また、リーク先の人物選定にも特徴があるという。WSJにはWalt Mossberg氏というデジタルガジェット分野の大御所がいるが、同氏をスルーして別の記者を選ぶことで、同氏の世間での評判を維持しつつ非難の対象から外すことが可能だという。一方で、今回はYukari Iwatani Kane氏とGeoffrey Fowler氏という2名のWSJ記者による連名記事となっているが、あえて2名の記者を介在させることで、互いが牽制し合ってこの話題が記事になりやすい土壌を作っているという。かくして実際にリークは成功して大手新聞社のWSJで記事になったようだが、WSJ本紙向けの記事が出されるのは米国東海岸時間で夜中。すでに株式市場は終了しており、誰も株価操作を狙った情報提供とは考えないだろう。

その目的は?

リーク情報のコントロールは、だいたいある問題解決に利用されることが多い。実際のケースでいえば、Appleが今回のタブレット製品に関する情報をあえて早めに提供したのは、次のような理由が考えられるという。

  • 扱いにくいパートナーがいる中で話題を提起する
  • あらかじめ「1,000ドル」という価格帯を提示することで反応をみる
  • Appleが認識している潜在的な競合他社にパニックや混乱を引き起こす
  • 26日開催(とみられる)イベントで適切な種類の人物が一定数集まるよう、業界アナリストや評論家らの期待を喚起する。Appleは空席が嫌いだから

もし金融街の人間らが適切な結論を導き出したのであれば、Appleの株価は上昇し、皆にとってメリットとなる。だが株価操作が目的なのではなく、あくまで本来の目的の結果にすぎない点に注意してほしいとの言葉でMartellaro氏の記事は締められている。
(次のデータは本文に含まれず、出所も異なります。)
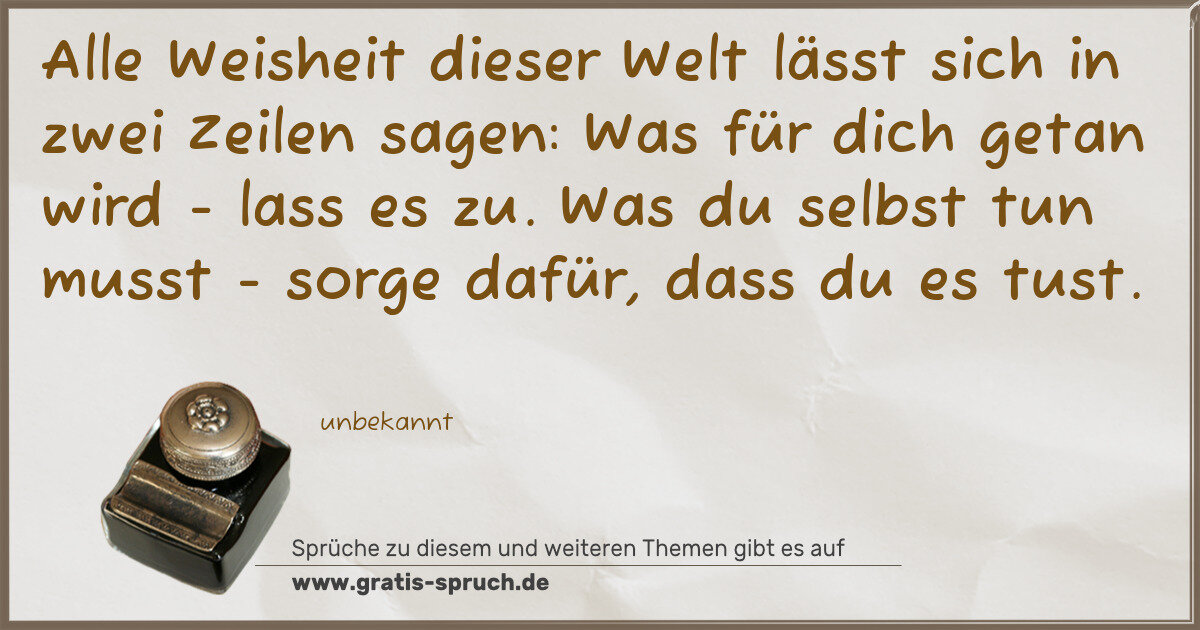 Alle Weisheit dieser Welt lässt sich in zwei Zeilen sagen: Was für dich getan wird - lass es zu. Was du selbst tun musst - sorge dafür, dass du es tust.

非常にオーソドックスな手法がみられるということで投稿されたエントリーだが、秘密主義と意図したリークの2つをうまく使い分けることで、つねにユーザーの期待を喚起させているAppleの企業像が浮かび上がってくる。もしかしたら、こうした話題もまた、Appleによって意図的にコントロールされているのかもしれない。